A significant amount of research has already been published regarding direct-to-consumer advertising and the medical industry. If you type in ‘direct-to-consumer advertising’ in Medline, you will see over 300 citations. Almost every branch of medicine is represented, including oncology, psychiatry, orthopedics, genetics, geriatrics, urology and even pediatrics. You will also notice that pharmaceutical advertising is becoming a global phenomenon as articles are written from the USA, Finland, the UK, The Netherlands, Canada, Turkey, Australia and New Zealand. Yet, many countries still ban advertising pharmaceuticals and pharmaceutical devices to the public. Studies have shown that physicians view direct-to-consumer advertising of pharmaceuticals negatively. In a study that received surveys back from 784 physicians (from a total of 1781 mailed), only 5.1% of physicians believed that the advertisements provide enough information on other treatment options and 1.3% felt that the advertisements provide enough information on the cost of the medication. A total of 56% of physicians believed that advertising increased the time they spent with their patients. Overall, only 9.8% of physicians felt that direct-to-consumer advertising of pharmaceuticals was a positive trend in healthcare [2].

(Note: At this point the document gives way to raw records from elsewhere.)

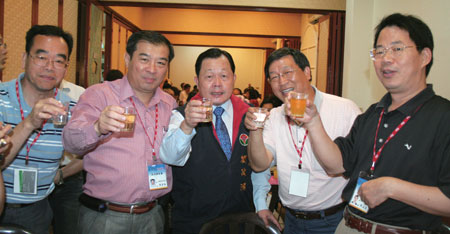 (左起)群英會國旅考察總指揮彭培興、會長鄭金城、苗栗縣縣長劉政鴻、群英會副會長陳善國、前前會長林正義。
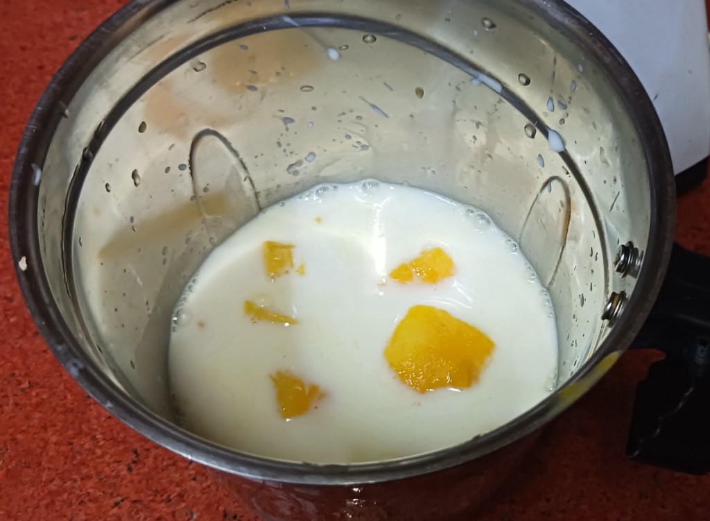 Step 4. Add this one glass of milk and the cut mangoes in a mixture grinder and make the shake in mixture grinder.
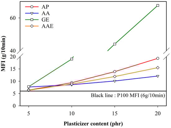 The flow behavior of melted polymers is important in polymer manufacture and processing, including the production of blown and cast films as well as foaming extrusion. The flow behavior of polymers is influenced by various factors, such as the temperature, molecular weight, molecular weight distribution, and addition of fillers and plasticizers [43,44]. The flow behavior can be evaluated by observing the MFI [45]. As a single point test, MFI is a remarkably sensitive technique for distinguishing a change in polymer additives. In the present study, MFI measurements were conducted to investigate the effects of plasticizers on the shear viscosity of PLA. Figure 1 shows the variation of MFI for the plasticized PLA samples with increasing plasticizer content. Evidently, the value of MFI increased with increasing plasticizer amount. It is noteworthy that glycerol ester also acted as a lubricant, which was demonstrated by a sharp increase in MFI (up to 67) compared to other plasticizers. In addition, the sharp increase in MFI could be ascribed to the decomposition of PLA as well as the incompatibility between PLA and the plasticizer. These results showed that glycerol ester was not an adequate plasticizer for the blown film process. Furthermore, an increase in the content of adipate, adipic acid, and adipic acid ester resulted in a gradual increase in the MFI values of the plasticizers. This result was attributed to the molecules permeating the intermolecular spaces between the PLA chains, increasing the mobility of the chain segment and facilitating the flow of PLA [46,47]. Thus, the materials could be effectively applied in blown film processes by controlling their content and type.
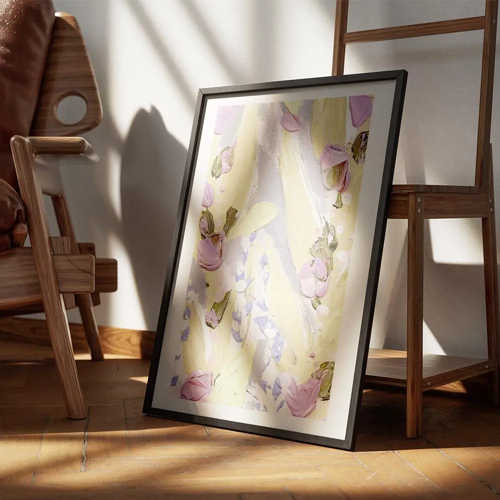Sur un mur blanc ou beige, les violets ressortent avec élégance. On conseille des cadres en bois clair, des coussins ivoire et des plantes vertes pour créer un contraste frais. Ce poster s’accorde bien avec un style scandinave minimaliste ou une déco bohème légère. Pour compléter l’univers floral, retrouvez des posters fleurs ou explorez notre rubrique botanique.
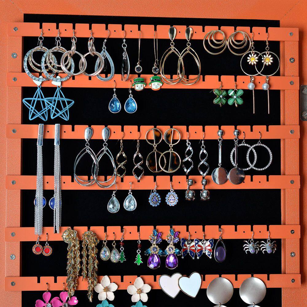 Unbranded Orange Fashion Simple Jewelry Storage Mirror Cabinet with LED Lights
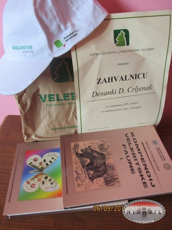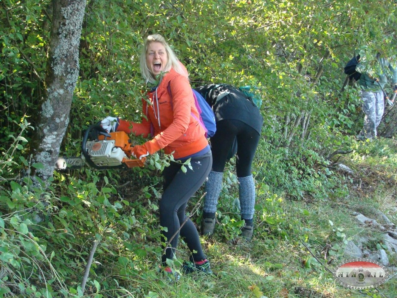 24. ujutro smo se okupili u dvorištu, hvatajući prve zrake sunca. Po dolasku članova NP i voditeljice Ivane Svetić, uzeli svoje sendviče i otišli na doručak u obližnji hostel, gdje smo pozvani kao gosti. Radna akcija je počela podjelom škara i rukavica. Raspoloženi i uz hrpu smijeha i šale čišćenje se odvijalo brzo. I mala Tara je nosila grane, trčkarajući za Totom i malim, seoskim psićem. Čistili smo oko 3-4 km staze od raslinja koje je izraslo na samu stazu, zatvarajući prolaz za hodanje. Naravno, sve biljke s jestivim plodovima smo ostavili stanovnicima šume. U kasno popodne, negdje iza Konjskog, rad je prekinut i autima smo odvezeni u Vilu Velebita na toplu večeru. Organizatori su nam uz riječi zahvale darovali diplomu, kapu i dvije prekrasne knjige o divljim stanovnicima velebitskih šuma(već u njima uživam). Za neke članove zabava je nastavljena u obližnjem Gospiću.

Although direct-to-consumer advertising may not be popular with physicians, studies have demonstrated its effectiveness on physicians’ prescribing practices. The influence of patients’ request for direct-to-consumer advertised antidepressants was examined using six standardized patient types by crossing two conditions (major depression or adjustment disorder with depressed mood) with three request types (brand-specific, general or none). A total of 152 family physicians and general internists participated and experienced 298 unannounced standardized patient visits. When major depression was portrayed, 76% of patients were prescribed an antidepressant if they made a general request, 53% if they made a brand-specific request but only 31% if the patient did not make a specific request for medication. The results were more impressive for standardized patients with adjustment disorder, a condition traditionally less likely to be prescribed medication. If the patients did not specifically request medication, they received it only 10% of the time, yet if the patient requested a brand-specific drug, they received an antidepressant 55% of the time [3].

Whether Medtronic’s advertising campaign will be successful in increasing the number of patients receiving implantable defibrillators remains to be seen. Will physicians embrace the ‘Risk Assessment Checklist’ and consider a defibrillator implant for a patient to whom they might not have offered one? Will at least some of these devices actually save lives? Since I believe that raising public awareness of common, life-threatening medical conditions and informing patients of potentially life-saving and underutilized technologies are good things, I suspect the answer to these questions is ‘yes’.